Jun 12 at 12:00 PM - Sale 2708 -

Sale 2708 - Lot 133

Estimate: $ 5,000 - $ 7,500
(MISSISSIPPI.) Citizens' petition to an early county court regarding riotous behavior on the Sabbath, civil liberties, and slavery. 5 manuscript pages, 12½ x 8 inches, on 2 sheets, early transcript signed by original foreman and copyist Cato West; moderate dampstaining. With worn docketing strip reading "Presentments of Grand Juries, Natches." Pickering County, MS, 17 June 1799

Additional Details

A cry for help in "this remote and truely deplorable corner of the United States."

This petition evokes the lawless and primitive condition of the Mississippi Territory, which was founded in 1798 as a frontier settlement at the center of border disputes with Spain. Pickering County was an original county in the Territory extending to the banks of the Mississippi River. It covered the present cities of Vicksburg and Jackson, and has since been subdivided.

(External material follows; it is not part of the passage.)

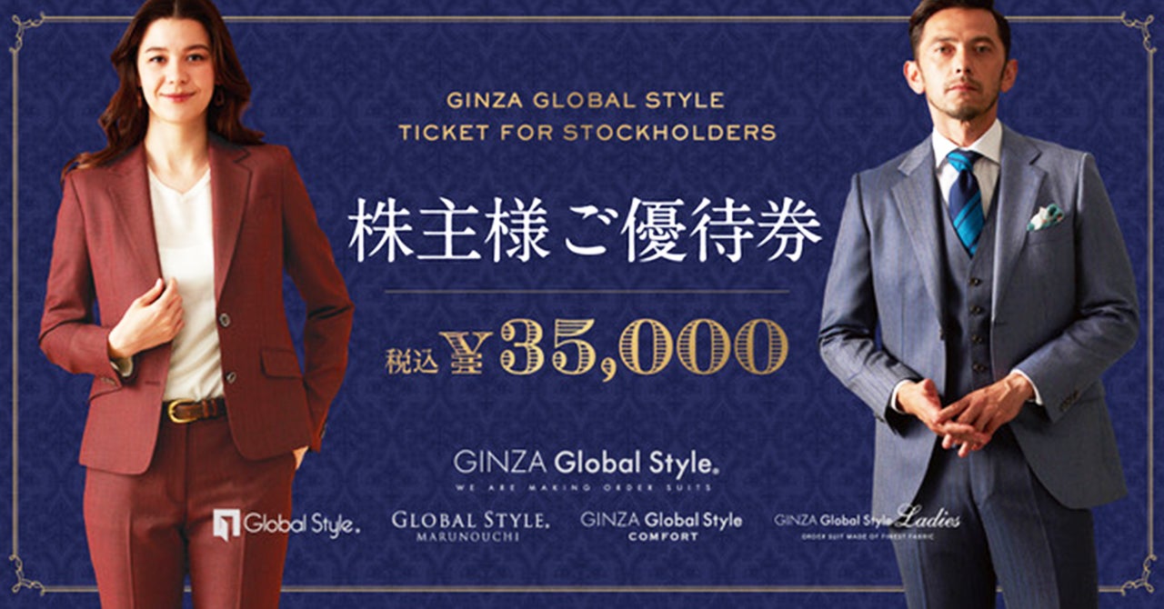 グローバルスタイル株式会社が運営するオーダースーツ専門店「グローバルスタイル」に店舗でのお買い物に使える【株主優待券】が新登場!

This petition begins by expressing gratitude that "judiciary courts similar to those under . . . our ancestors for ages have fought and conquered . . . are at length opened in this remote and truely deplorable corner of the United States." It then follows with an enumeration of eight "evils and grievances which are about to oppress us." Because of a non-representative territorial government, "our population is rapidly decreasing by our inhabitants moving off to the Spanish dominions." The governor and judges were making new laws and imposing new taxes without consulting with the people.

They also oppose the appointment to important posts of "persons well known to be hackneyed in Spanish duplicity and drudgery, whose former conduct is prophetic of their future, and who only wish and wait for an opportunity of aggrandizing themselves on the ruins of their country."

Slavery was another point of contention: "We present as a grievance that the executive of this government should deny to citizens who were permanent residents in this territory, previous to running the boundary line between the United States and Spain, the privilege of removing their slaves from the Spanish dominions."

They also object "that any citizen should be confined as a criminal, without an oath being preferred against him . . . and when released not even informed upon what account he was confined," and that "merchants should keep their shops open to carry on a traffick of their goods on Sundays, also that tavern keepers should be allowed to keep open houses for drinking, rioting and gaming on the above days."

Cato West, who served as the foreman of this group of complainants and created this transcript, later served as governor of Mississippi. The petition was originally signed by 14 others, whose names appear here in transcript.

The original (with slight textual differences) was held by the Massachusetts Historical Society in their Pickering Papers, when it was published in 1937 in "The Territorial Papers of the United States," pages V:66-69.